Listed entries:

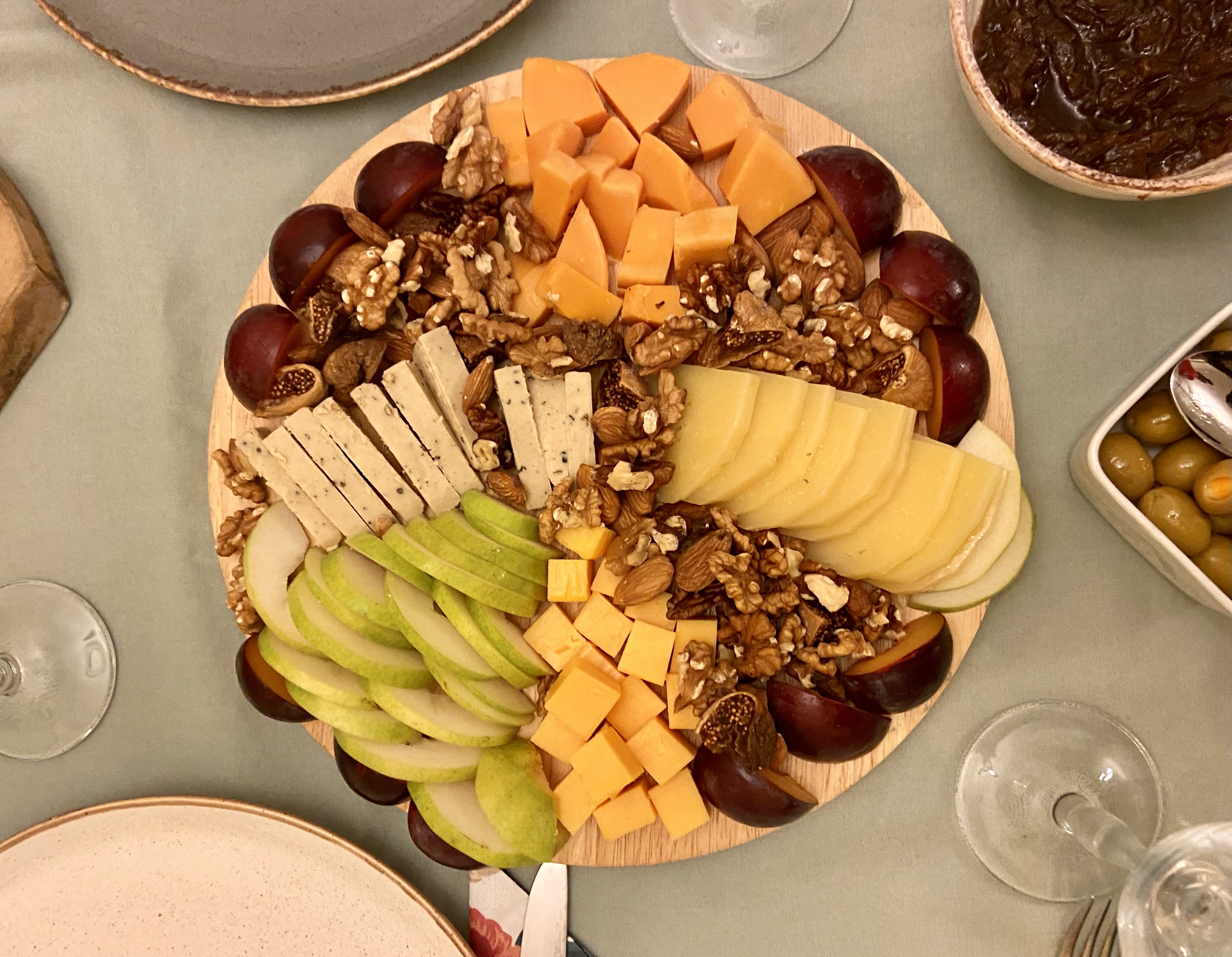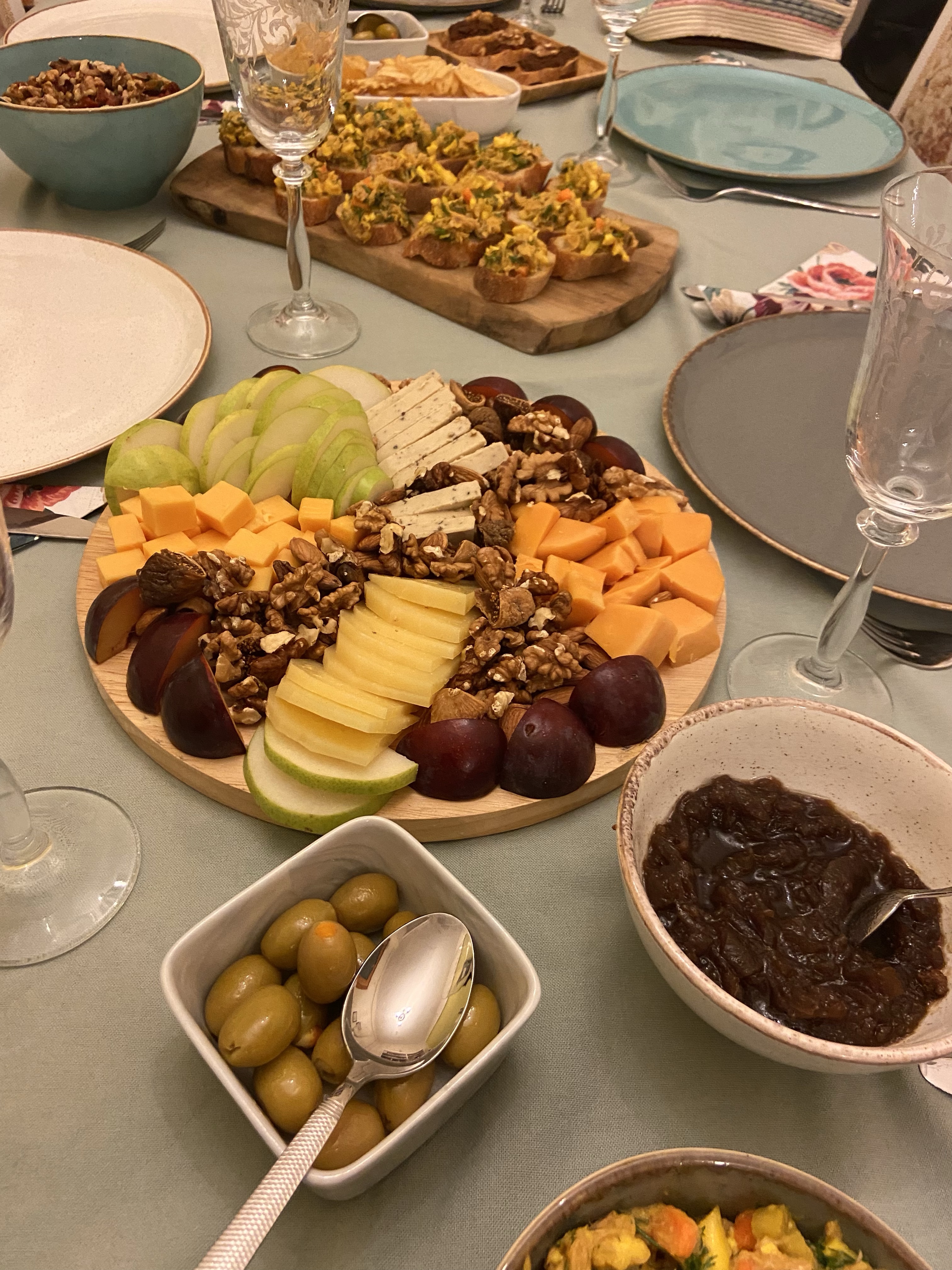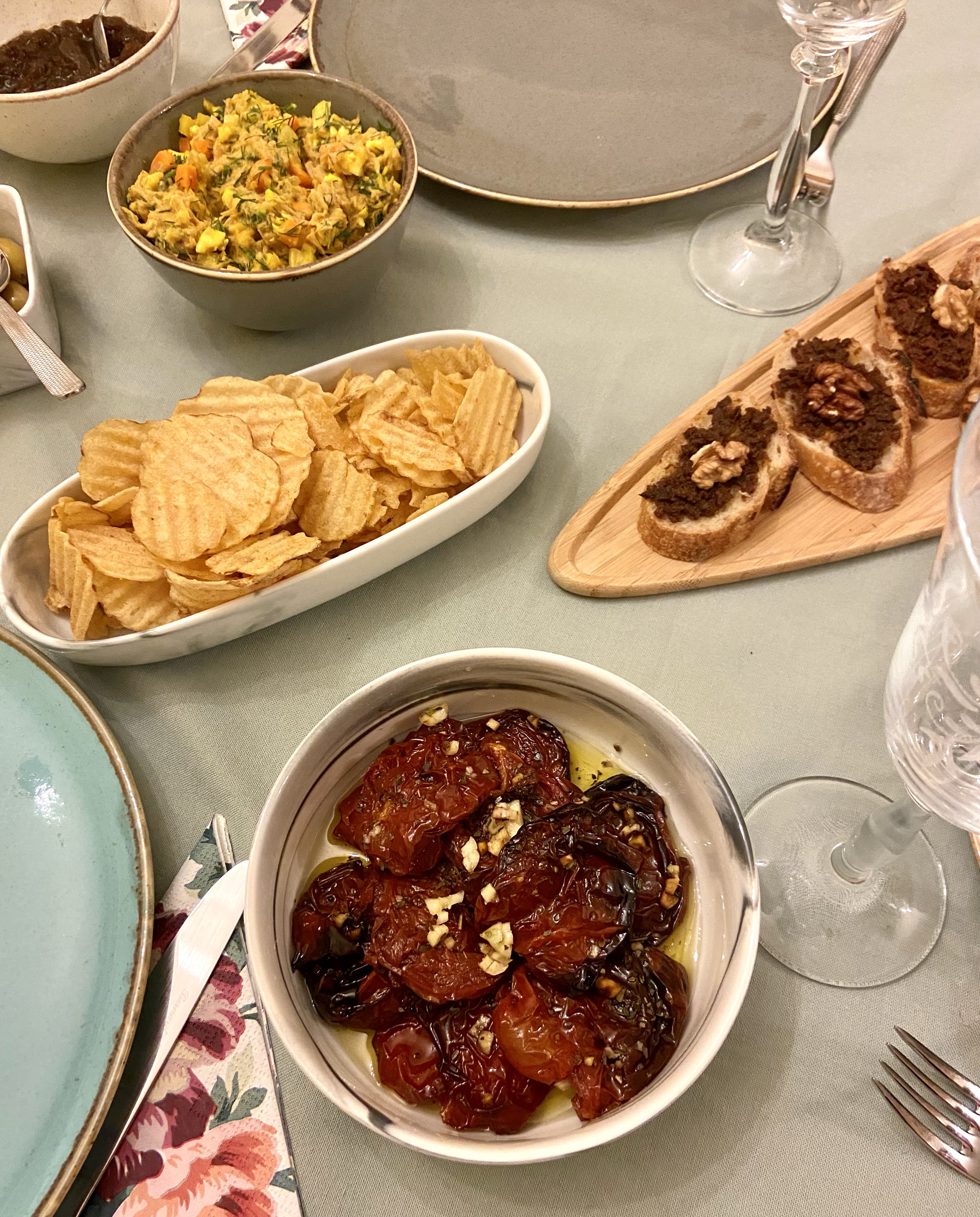 Sofranın kalanı tahmin edilebilir şeyler; güzel bir peynir tabağı olmazsa olmaz mesela değil mi? Kuru incir, kuru kayısı gibi meyvelerin yanına ben hep taze de eklerim ve bence peynire en güzel yakışan meyve armut. Ama çok ballı değil, az kıtır olacak. Mevsim dokunuşunu da bu ara kolay bulunan anjelik eriklerle yaptım, o da çok yakıştı. Yine peynirlere en güzel eşlikçi soğan reçeli… Ne yazık ki Türkiye’de bulamıyorum, bir ara Auteur’de vardı ama sanırım artık yok. Keşke bir yerler yapsa, Fransa stoklarım erimeye yüz tuttu! Son kavanozları dostlarla paylaştık gitti. Bunların dışında şarap yanında portakal ve limon dolgulu yeşil zeytin favorimdir, onları da ekledim. Dostum Neşe tam bir atıştırma uzmanı olarak çok enteresan şeyler bulur, tarçın ve tatlı patatesli cipsler bulup “Sen acayip şeyler denemeyi seviyorsun, sana aldım” demişti; eh dedim hadi hepimiz deneyelim. O kadar güzel çıktı ki! Klasik cipslerden sıkılanlar buna saldırsın derim! Brezilyalı bir dostumuz da sarımsak ve aromatik otlarla yağa bastığı kuru domateslerden getirdi, onu da kondurduk sofraya ve tamamız!
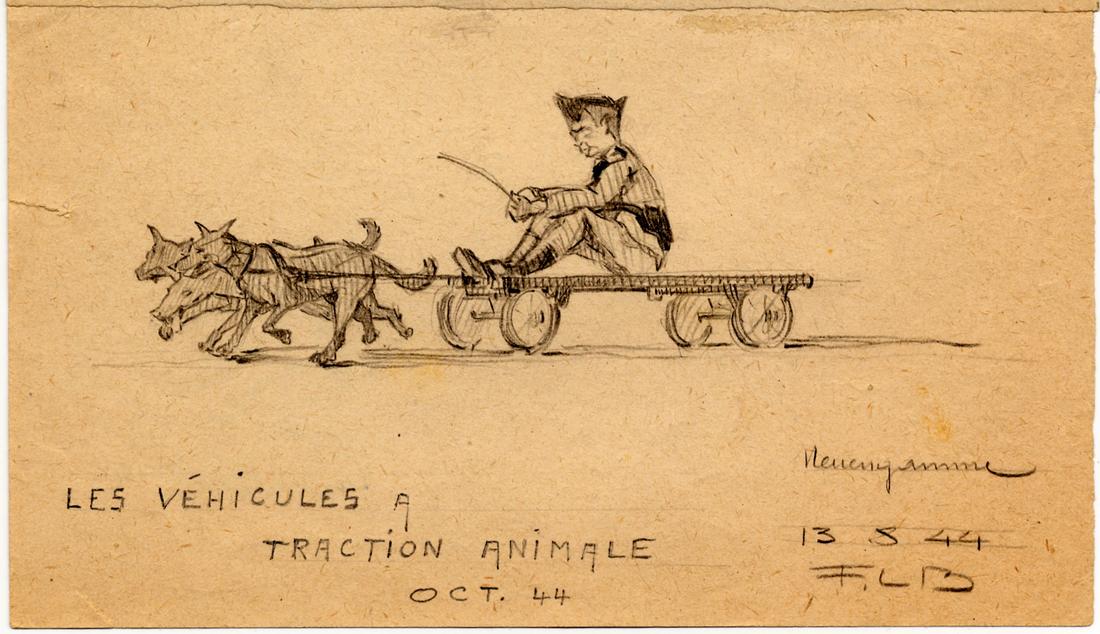 Ein SS-Mann mit Hunden aus der Hundestaffel, die vor einen kleinen Wagen gespannt sind. Bleistiftzeichnung des ehemaligen Häftlings des KZ Neuengamme Lazare Bertrand, 13.8.1944. (MOL)
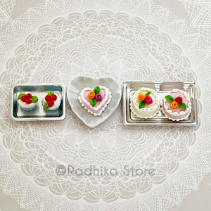 Not edible.. Manaseva.. Means to offer in the mind. A cute decoration and offering for Their Lordships to increase ones meditation. We can simply offer this as a real cake in our mind to Their Lordships. This lovely tiny cake sits on a paper doily and can sit on any of the tables we offer. It can also be placed in Srimati Radharanis hand using a little Tickey-Tack- (See other listing in Miscellaneous section). Trays sold separately.
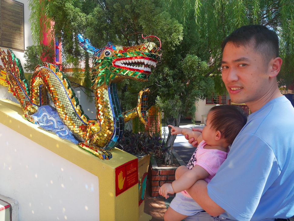 曉,你有咩想同條龍講?九個月大嘅曉對住條金龍手指指,打blog今日十四個月嘅曉應該會攬住我隻腳,震晒音咁講「媽媽」,再拍心口講「驚驚」~
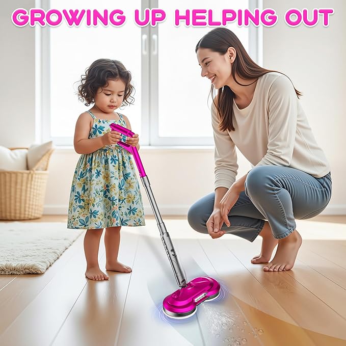 - [Realistic Pretend Play with Lights & Spray]: Experience immersive interative pretend play with this toy cordless electric spin mop! It features realistic spinning action, a fun spray function, and LED headlights, perfectly mimicking a true electric mop for authentic chore-play.
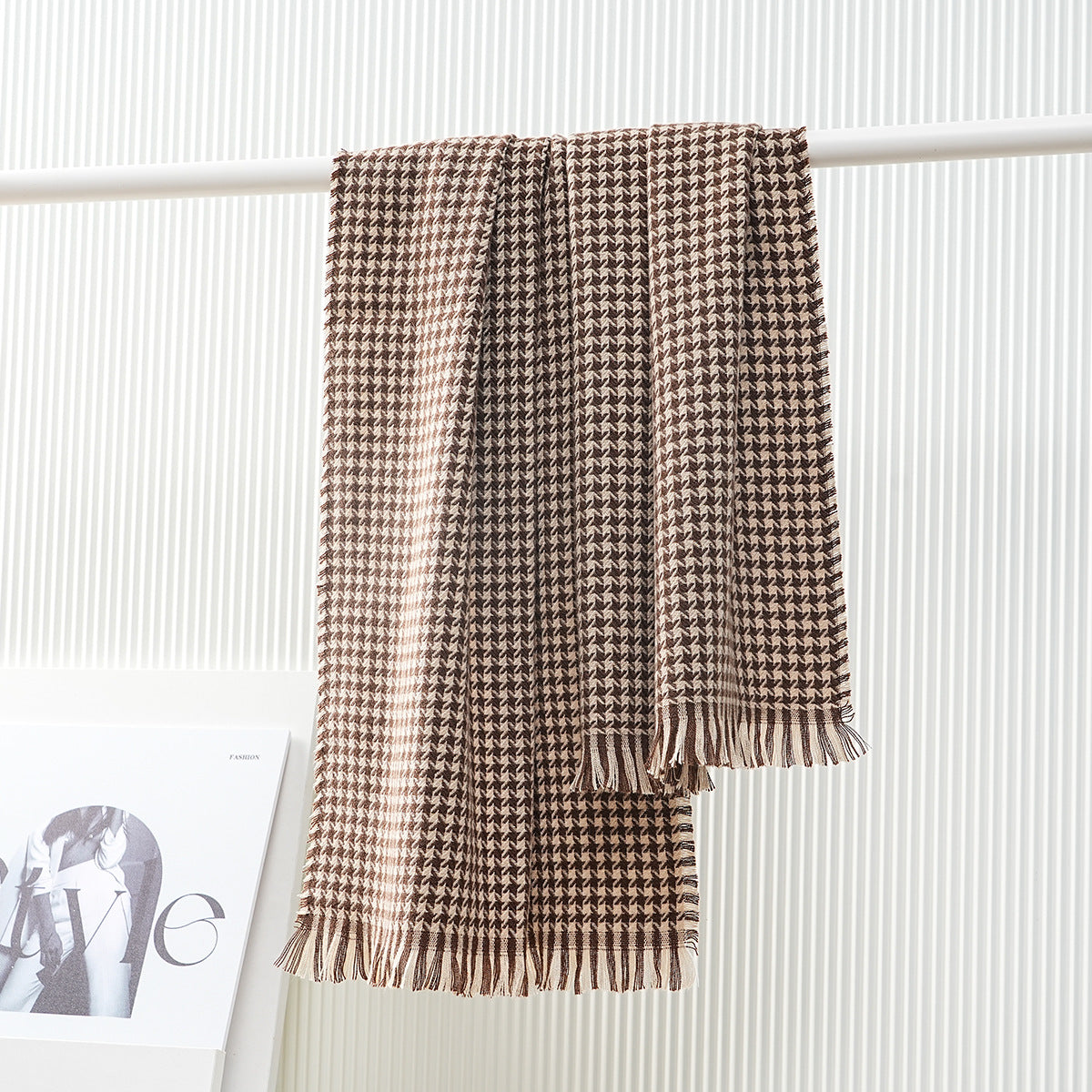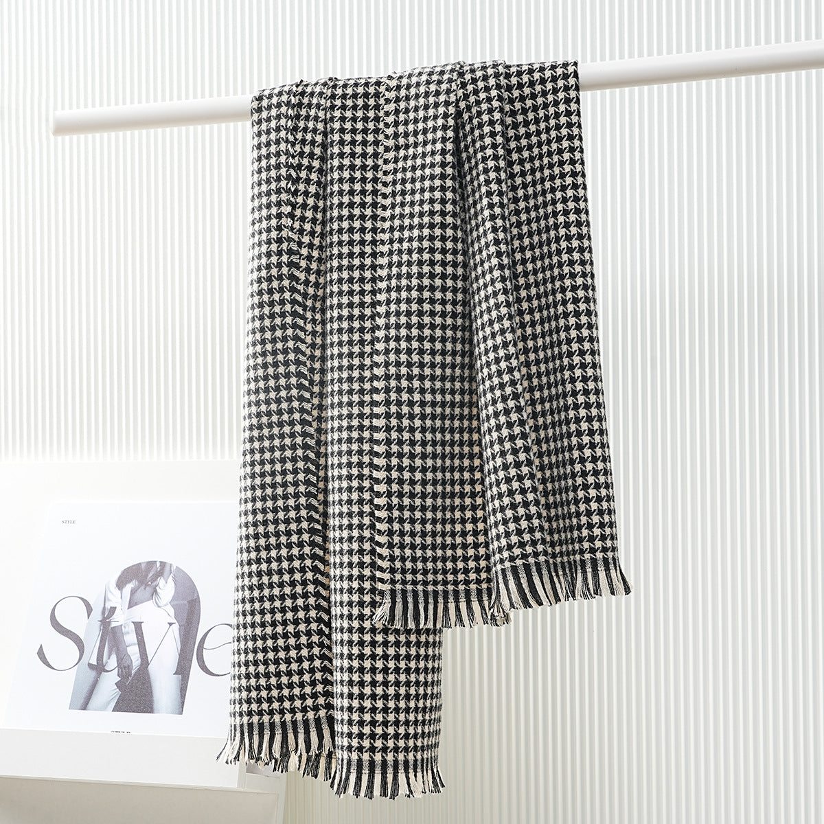 This luxurious scarf is a must-have for the autumn and winter seasons. Featuring a stylish houndstooth pattern, it will keep you warm and cozy while adding a touch of elegance to any outfit. Made with high-quality materials, this scarf is both fashionable and functional.

What to work on: Could you set down the records above word for word, without any of the pictures?

Result of this exercise:
 Sofranın kalanı tahmin edilebilir şeyler; güzel bir peynir tabağı olmazsa olmaz mesela değil mi? Kuru incir, kuru kayısı gibi meyvelerin yanına ben hep taze de eklerim ve bence peynire en güzel yakışan meyve armut. Ama çok ballı değil, az kıtır olacak. Mevsim dokunuşunu da bu ara kolay bulunan anjelik eriklerle yaptım, o da çok yakıştı. Yine peynirlere en güzel eşlikçi soğan reçeli… Ne yazık ki Türkiye’de bulamıyorum, bir ara Auteur’de vardı ama sanırım artık yok. Keşke bir yerler yapsa, Fransa stoklarım erimeye yüz tuttu! Son kavanozları dostlarla paylaştık gitti. Bunların dışında şarap yanında portakal ve limon dolgulu yeşil zeytin favorimdir, onları da ekledim. Dostum Neşe tam bir atıştırma uzmanı olarak çok enteresan şeyler bulur, tarçın ve tatlı patatesli cipsler bulup “Sen acayip şeyler denemeyi seviyorsun, sana aldım” demişti; eh dedim hadi hepimiz deneyelim. O kadar güzel çıktı ki! Klasik cipslerden sıkılanlar buna saldırsın derim! Brezilyalı bir dostumuz da sarımsak ve aromatik otlarla yağa bastığı kuru domateslerden getirdi, onu da kondurduk sofraya ve tamamız!
 Ein SS-Mann mit Hunden aus der Hundestaffel, die vor einen kleinen Wagen gespannt sind. Bleistiftzeichnung des ehemaligen Häftlings des KZ Neuengamme Lazare Bertrand, 13.8.1944. (MOL)
 Not edible.. Manaseva.. Means to offer in the mind. A cute decoration and offering for Their Lordships to increase ones meditation. We can simply offer this as a real cake in our mind to Their Lordships. This lovely tiny cake sits on a paper doily and can sit on any of the tables we offer. It can also be placed in Srimati Radharanis hand using a little Tickey-Tack- (See other listing in Miscellaneous section). Trays sold separately.
 曉,你有咩想同條龍講?九個月大嘅曉對住條金龍手指指,打blog今日十四個月嘅曉應該會攬住我隻腳,震晒音咁講「媽媽」,再拍心口講「驚驚」~
 - [Realistic Pretend Play with Lights & Spray]: Experience immersive interative pretend play with this toy cordless electric spin mop! It features realistic spinning action, a fun spray function, and LED headlights, perfectly mimicking a true electric mop for authentic chore-play.
 This luxurious scarf is a must-have for the autumn and winter seasons. Featuring a stylish houndstooth pattern, it will keep you warm and cozy while adding a touch of elegance to any outfit. Made with high-quality materials, this scarf is both fashionable and functional.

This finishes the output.